## Work instruction
Since the records include pictures, leave those out while you reproduce exactly and only the lines from the one containing "Kampaania periood: 09.12.2014" through the one containing "Cable TTU Calibre", inclusive.

--- Data provided ---

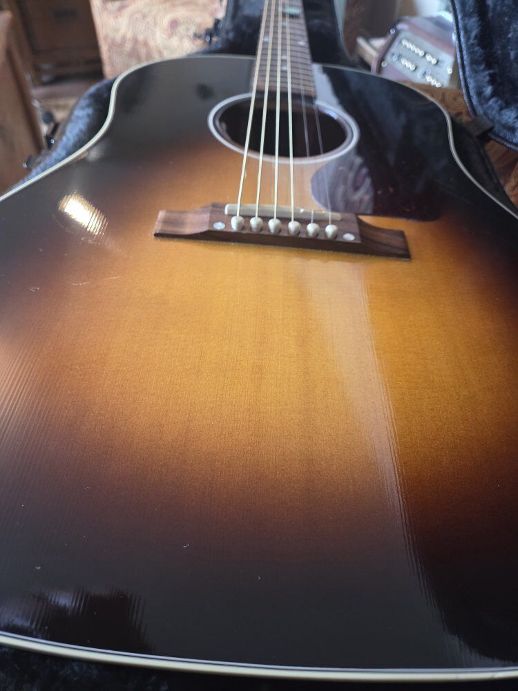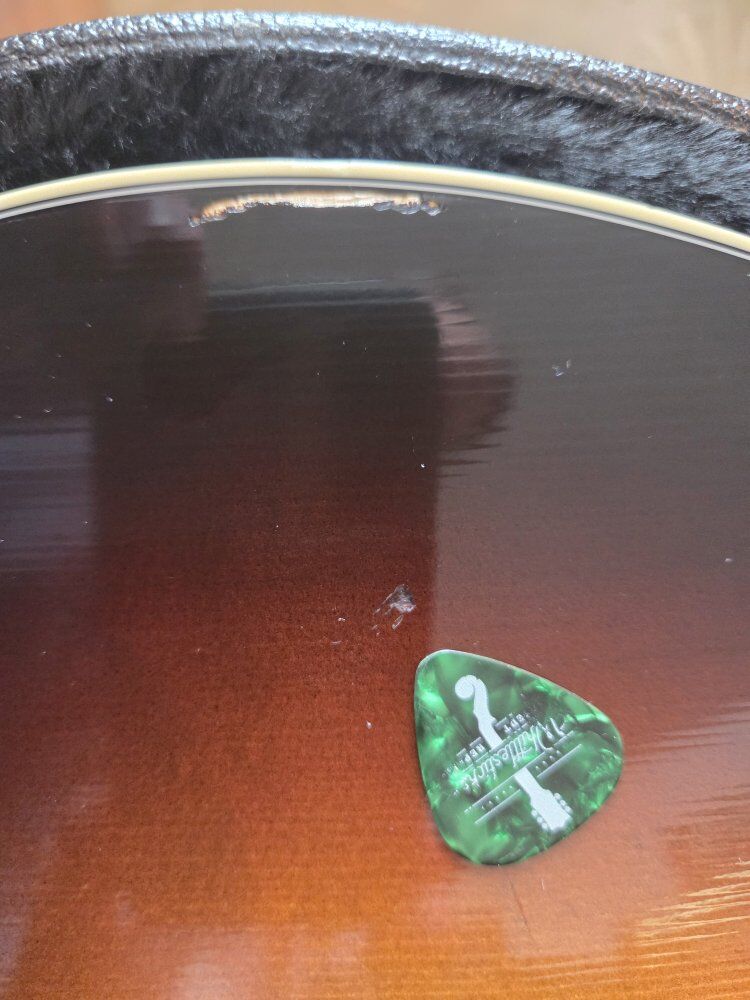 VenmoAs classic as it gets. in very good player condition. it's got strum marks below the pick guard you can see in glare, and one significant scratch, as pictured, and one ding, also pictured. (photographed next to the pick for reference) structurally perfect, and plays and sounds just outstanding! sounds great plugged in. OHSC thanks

---
--- Data provided ---

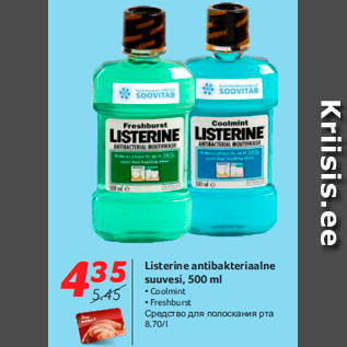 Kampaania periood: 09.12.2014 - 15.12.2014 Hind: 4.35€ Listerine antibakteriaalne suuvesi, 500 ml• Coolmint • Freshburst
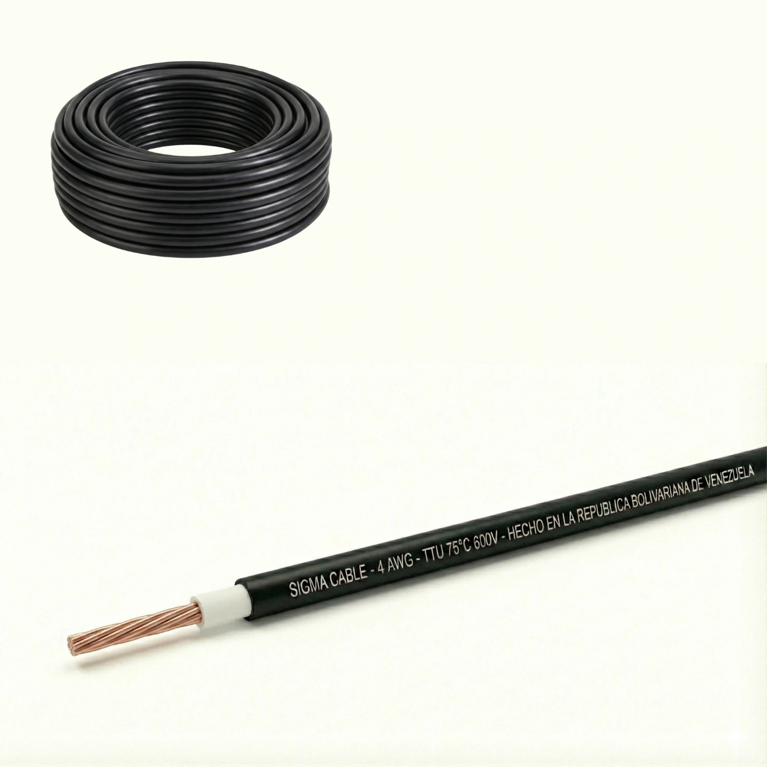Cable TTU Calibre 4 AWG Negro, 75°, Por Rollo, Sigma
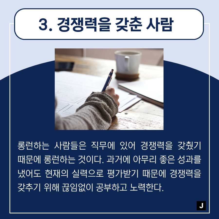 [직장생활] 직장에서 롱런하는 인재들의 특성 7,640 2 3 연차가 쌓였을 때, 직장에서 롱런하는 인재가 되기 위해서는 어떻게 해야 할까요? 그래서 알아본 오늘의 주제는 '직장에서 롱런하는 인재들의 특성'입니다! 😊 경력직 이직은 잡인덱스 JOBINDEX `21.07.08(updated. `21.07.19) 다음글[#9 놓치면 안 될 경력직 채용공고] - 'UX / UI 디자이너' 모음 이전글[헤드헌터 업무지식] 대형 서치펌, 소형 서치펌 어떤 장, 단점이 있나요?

---

## Reply
 Kampaania periood: 09.12.2014 - 15.12.2014 Hind: 4.35€ Listerine antibakteriaalne suuvesi, 500 ml• Coolmint • Freshburst
Cable TTU Calibre 4 AWG Negro, 75°, Por Rollo, Sigma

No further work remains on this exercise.